> **Prompt**
Take the records below and extract, word for word, the lines from the one containing "-Photograph. -Colour. -4" through the final line, inclusive. Omit pictures.

[[ Material to process open ]]

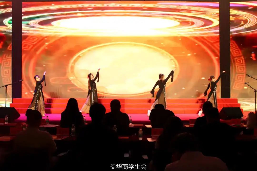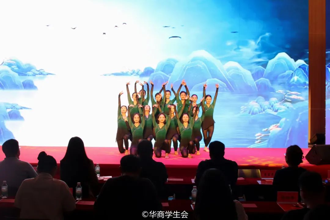 开场秀由校飞跃艺术团舞蹈队带来《象山水月》:月涌象山幻化千年水墨,廿载春潮足尖踏浪而歌,西江和鸣青衫揽尽星河,舞绘华商天地共赋长歌;
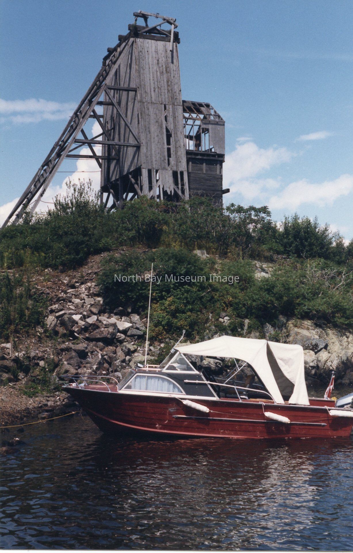 -Photograph. -Colour. -4 x 6. -Mine shaft on Newman Island. -View from Lk. Nipissing (boat in foreground). -Taken 1986.
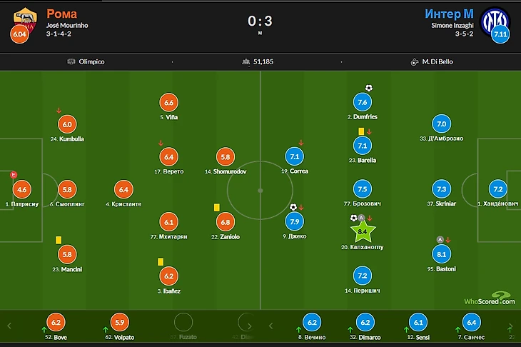 Также "Рома" - "грубая" команда. 50 желтых за круг чемпионата и 3 красных. Больше только у "Сампдории" и "Венеции".
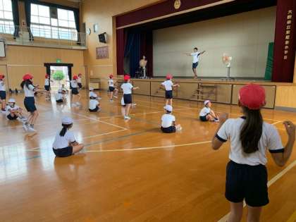 9月5日(木)1時間目、4年生は体育館でダンスの練習をしていました。速くて難しいステップに悪戦苦闘しているようでした。でも動きが楽しいのか笑顔の子もいました。
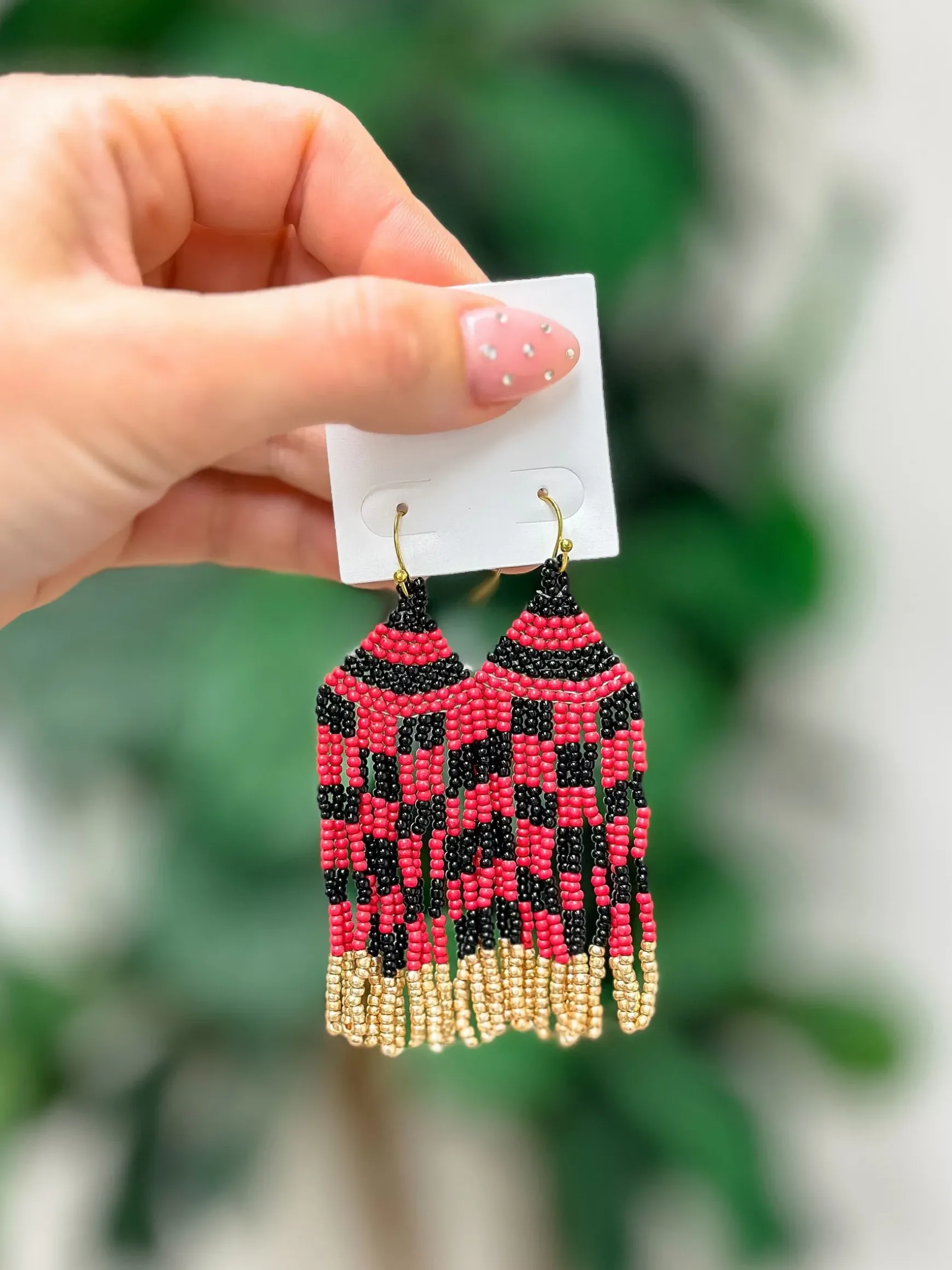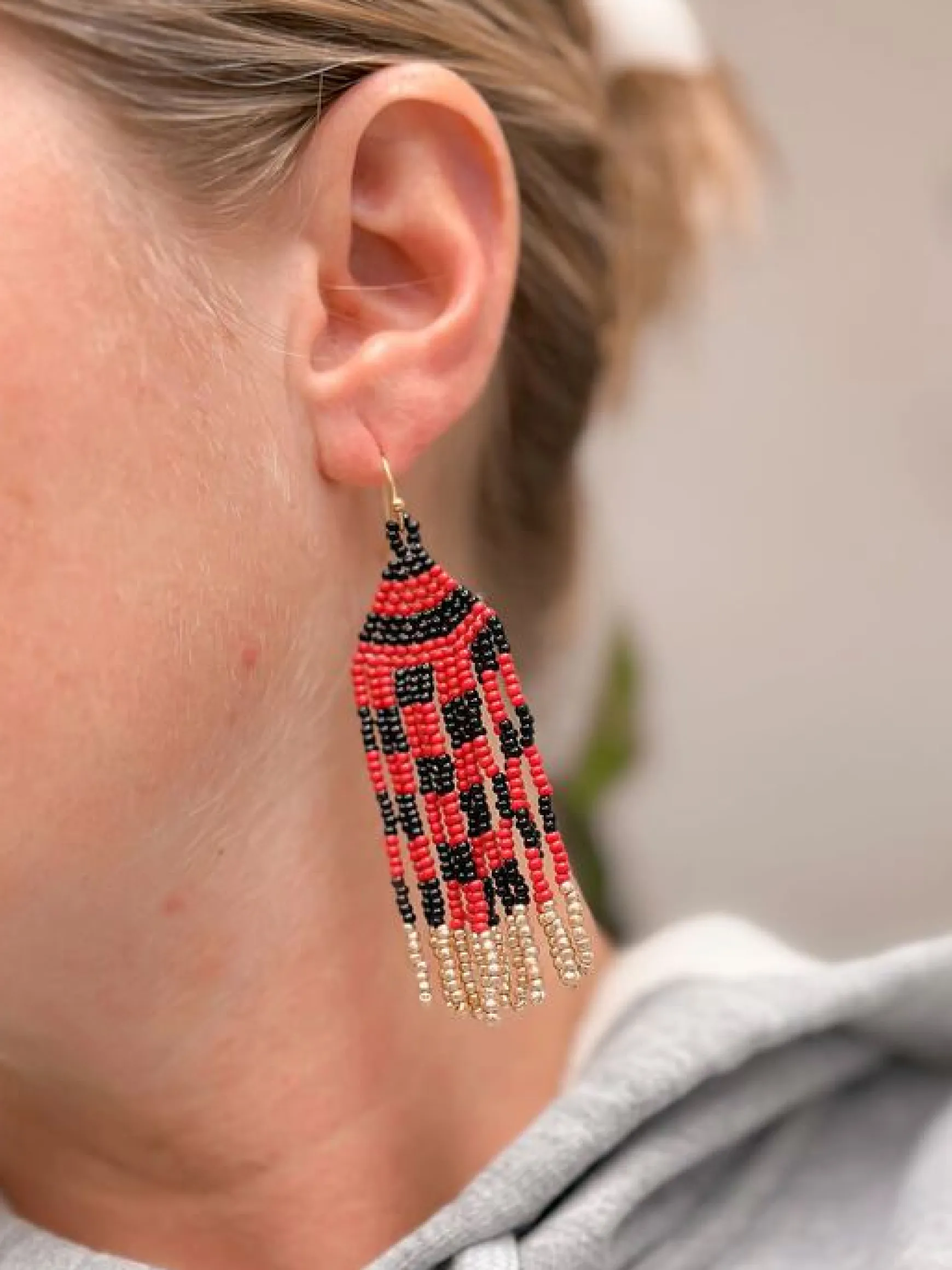 Game Day Seed Bead Fringe Dangle Earrings – Red & Black

[[ Material to process closed ]]

> **Response area**
 -Photograph. -Colour. -4 x 6. -Mine shaft on Newman Island. -View from Lk. Nipissing (boat in foreground). -Taken 1986.
 Также "Рома" - "грубая" команда. 50 желтых за круг чемпионата и 3 красных. Больше только у "Сампдории" и "Венеции".
 9月5日(木)1時間目、4年生は体育館でダンスの練習をしていました。速くて難しいステップに悪戦苦闘しているようでした。でも動きが楽しいのか笑顔の子もいました。
 Game Day Seed Bead Fringe Dangle Earrings – Red & Black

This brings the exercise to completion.